Some new technologies create immediate additional demand
for physician services (e.g., advances in fertility technology);
other advances hold the potential to prevent costly medical
conditions (e.g., gene therapy), thus immediately reducing
the demand for selected services. Predicting how such
advances will change the long-run demand for physician
services is difficult. For instance, new techniques in
invasive cardiology might help prevent costly surgeries
and their comorbidities, but the added years of life gained
from such procedures might translate into greater use
of services over an individual’s lifetime. Similarly,
telemedicine has the potential to reduce access barriers
thus increasing demand for physician services.
- Non-Physician
Clinicians. The NPC workforce continues to grow
as does the proportion of healthcare services NPCs provide
(Cooper, Laud, and Dietrich, 1998; Druss et al., 2003).

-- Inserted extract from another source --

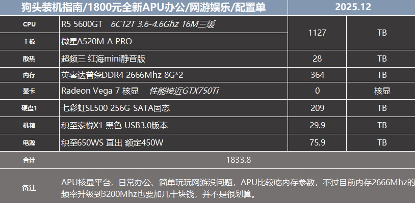 狗头装机指南 / 1800 元全新 APU / 办公 / 网游娱乐 / 配置单
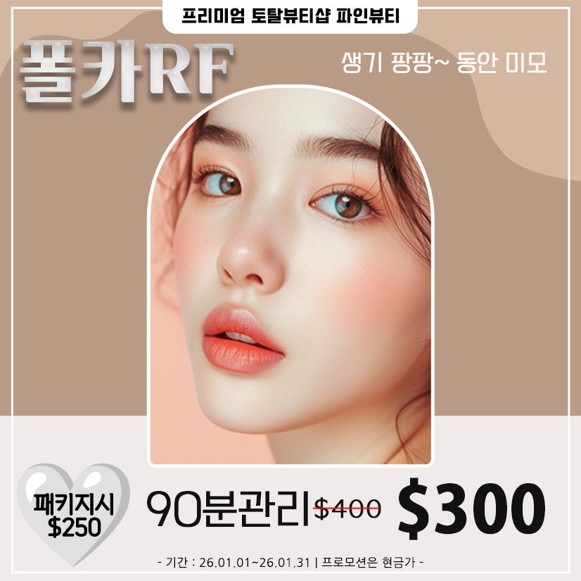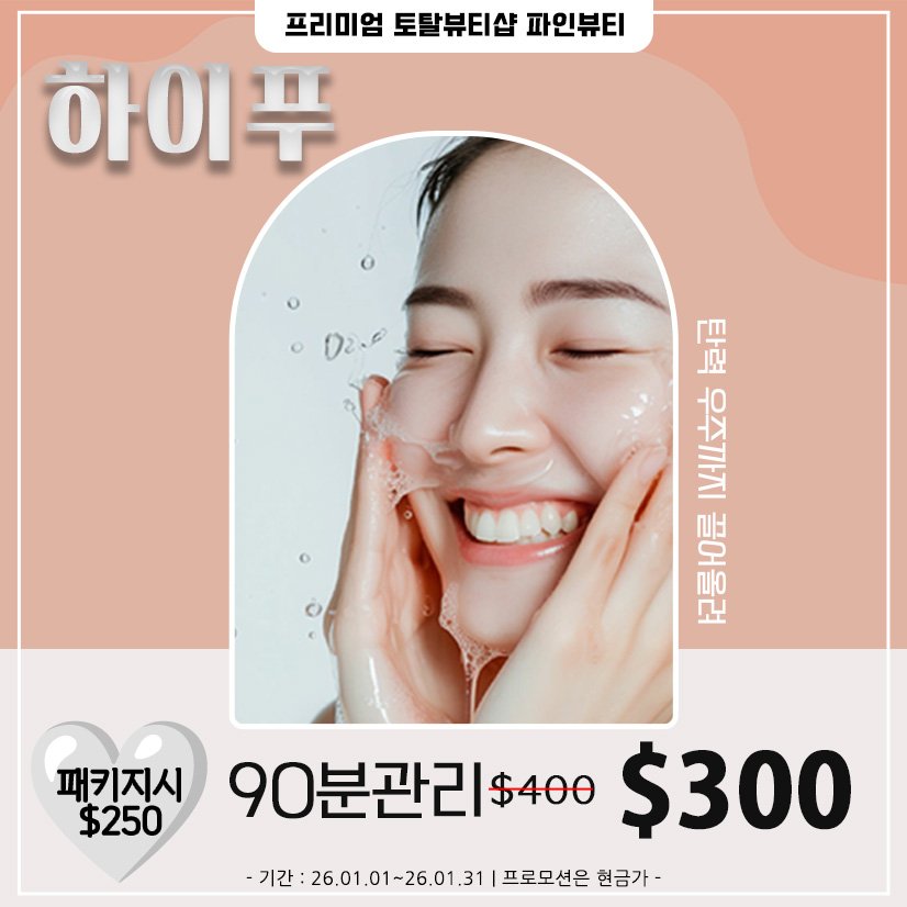 👉하이푸리프팅 90분관리 $400▶︎$300 (패키지 구매시 $250)

Although NPCs sometimes compete with physicians, they
also complement physicians by providing services within
the scope of their training with physicians directing
overall care and handling the more complex cases. Increased
use of NPCs allows physicians to become more productive
(e.g., in terms of seeing more patients), which increases
the supply of physician services but also means we need
fewer physicians to provide care to a given population.
- Public
expectations. Public expectations of medicine
are different today than they were 100 years ago, or even
20 years ago. New medicines have improved the ability
to care for chronic conditions, and others have improved
quality of life for many individuals. The Institute of
Medicine (IOM) has highlighted the prevalence of medical
errors, leading to increased scrutiny of quality of care
by the public and by policymakers. The elderly baby boom
population will have experienced different hardships than
their grandparents, which might also affect their expectations
of the healthcare system. Physician specialties involved
in both acute and long-term care of the elderly will be
affected.
- Policy
changes. The changing role of government, which
is closely linked to public expectations, might also exert
a significant impact on demand for physician services
(e.g., through the impact of regulation as well as payment
policies).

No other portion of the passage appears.